Raven Us
In the corner of his studio apartment, next to the refrigerator in the kitchen, squatted the hellhound, drooling and staring with flickering red eyes. This still doesn't explain things, the man thought. How, when he came back after a weekend away, he noticed subtle changes - a toothbrush with a single blue stripe on the clear plastic handle and not the dual green stripes he remembered, the purple orchid turned towards the wall and not the sofa, his bills stacked neatly on the microwave (he never stacked anything too neatly).
No way could a bulky muscled hellhound with obsidian toenails do this. Bet he sparked when he walked. More like bearclaws anyway. Nobody else was in the tiny apartment, he'd already put his duffel bag in the walk in closet.
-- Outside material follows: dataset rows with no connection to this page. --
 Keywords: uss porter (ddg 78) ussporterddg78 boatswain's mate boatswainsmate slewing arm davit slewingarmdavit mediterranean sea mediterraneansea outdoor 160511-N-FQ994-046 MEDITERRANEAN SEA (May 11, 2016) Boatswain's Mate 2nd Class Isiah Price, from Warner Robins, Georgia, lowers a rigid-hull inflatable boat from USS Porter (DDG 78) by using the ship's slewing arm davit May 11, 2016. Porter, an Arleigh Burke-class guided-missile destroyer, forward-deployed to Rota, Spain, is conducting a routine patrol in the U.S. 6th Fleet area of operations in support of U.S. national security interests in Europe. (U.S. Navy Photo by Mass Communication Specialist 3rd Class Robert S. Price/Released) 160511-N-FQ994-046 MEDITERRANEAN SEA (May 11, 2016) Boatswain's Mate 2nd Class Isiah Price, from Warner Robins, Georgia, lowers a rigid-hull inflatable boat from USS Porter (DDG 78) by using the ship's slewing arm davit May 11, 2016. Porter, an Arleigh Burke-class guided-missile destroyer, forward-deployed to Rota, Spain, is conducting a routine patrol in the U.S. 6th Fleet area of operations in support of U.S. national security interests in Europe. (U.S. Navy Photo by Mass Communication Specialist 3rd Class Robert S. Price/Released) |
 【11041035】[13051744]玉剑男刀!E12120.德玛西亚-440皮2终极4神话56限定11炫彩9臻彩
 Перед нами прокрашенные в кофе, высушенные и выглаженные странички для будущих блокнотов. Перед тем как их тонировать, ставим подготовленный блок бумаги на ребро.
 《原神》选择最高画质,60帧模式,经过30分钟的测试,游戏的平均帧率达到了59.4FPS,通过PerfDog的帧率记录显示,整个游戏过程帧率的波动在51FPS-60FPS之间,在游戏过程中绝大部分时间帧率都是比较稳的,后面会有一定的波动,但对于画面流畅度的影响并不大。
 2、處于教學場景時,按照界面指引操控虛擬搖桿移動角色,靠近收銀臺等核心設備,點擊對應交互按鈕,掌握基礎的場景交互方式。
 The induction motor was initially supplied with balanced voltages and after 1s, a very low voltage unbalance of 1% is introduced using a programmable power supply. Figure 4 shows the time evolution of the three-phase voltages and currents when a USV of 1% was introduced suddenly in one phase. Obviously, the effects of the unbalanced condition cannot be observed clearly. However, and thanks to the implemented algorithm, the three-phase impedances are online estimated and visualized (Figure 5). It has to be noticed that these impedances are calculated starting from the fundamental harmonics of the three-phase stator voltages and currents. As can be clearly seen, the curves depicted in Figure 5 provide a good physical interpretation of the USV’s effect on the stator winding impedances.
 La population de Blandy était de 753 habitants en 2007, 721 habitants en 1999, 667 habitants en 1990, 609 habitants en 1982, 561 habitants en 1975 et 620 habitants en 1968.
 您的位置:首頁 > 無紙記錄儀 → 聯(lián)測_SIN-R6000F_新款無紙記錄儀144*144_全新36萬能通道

Nowhere to hide.
Maybe the ravens were back.
Maybe the ravens were back.
If the ravens were back then, then - he - then he couldn't even think about getting ahead. About getting a better job, about finally - then what the ravens said about life was true - 3 steps forward and 4 hops back.
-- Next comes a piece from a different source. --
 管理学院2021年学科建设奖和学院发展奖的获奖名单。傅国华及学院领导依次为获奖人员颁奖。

He wondered what the deal was with the hellhound. He knew it wouldn't attack him, how he knew he was safe was perhaps a mystery but he knew. He also was pretty certain the hellhound was in cahoots with the ravens. Unfortunately, the ravens probably left the dog-thing here for the man. A gift! That made the man crack up and laugh out loud. A fucking present from the ravens. That's rich.
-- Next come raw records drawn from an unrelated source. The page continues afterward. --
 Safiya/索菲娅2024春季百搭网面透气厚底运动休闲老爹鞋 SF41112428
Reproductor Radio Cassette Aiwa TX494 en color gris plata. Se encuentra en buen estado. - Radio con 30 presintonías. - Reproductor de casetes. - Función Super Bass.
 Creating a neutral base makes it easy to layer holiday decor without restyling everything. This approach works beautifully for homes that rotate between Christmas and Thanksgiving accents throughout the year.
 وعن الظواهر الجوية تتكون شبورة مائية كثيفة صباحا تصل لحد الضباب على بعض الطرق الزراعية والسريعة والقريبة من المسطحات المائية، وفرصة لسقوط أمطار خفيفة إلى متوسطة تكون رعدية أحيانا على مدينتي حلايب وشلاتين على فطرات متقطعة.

Baby, baby drove up in a Cadillac, I said Jesus Christ where did you get that Cadillac?
Outside the rain slammed against the studio windows driven by a howl and rode by a tiger and sung by an angel made of titanium and gossamer feathers all vaporous and sheer and diaphanous like a tornado.

"Outside the rain slammed against the studio windows driven by a howl and rode by a tiger and sung by an angel made of titanium and gossamer feathers all vaporous and sheer and diaphanous like a tornado."
Wow! Great description. Sounds like the raven-gods awaken your gifts. Don't let them leave the tower.
Might be a good idea to take that red-eyed, drooling hellhound to the local pound though. Yuck.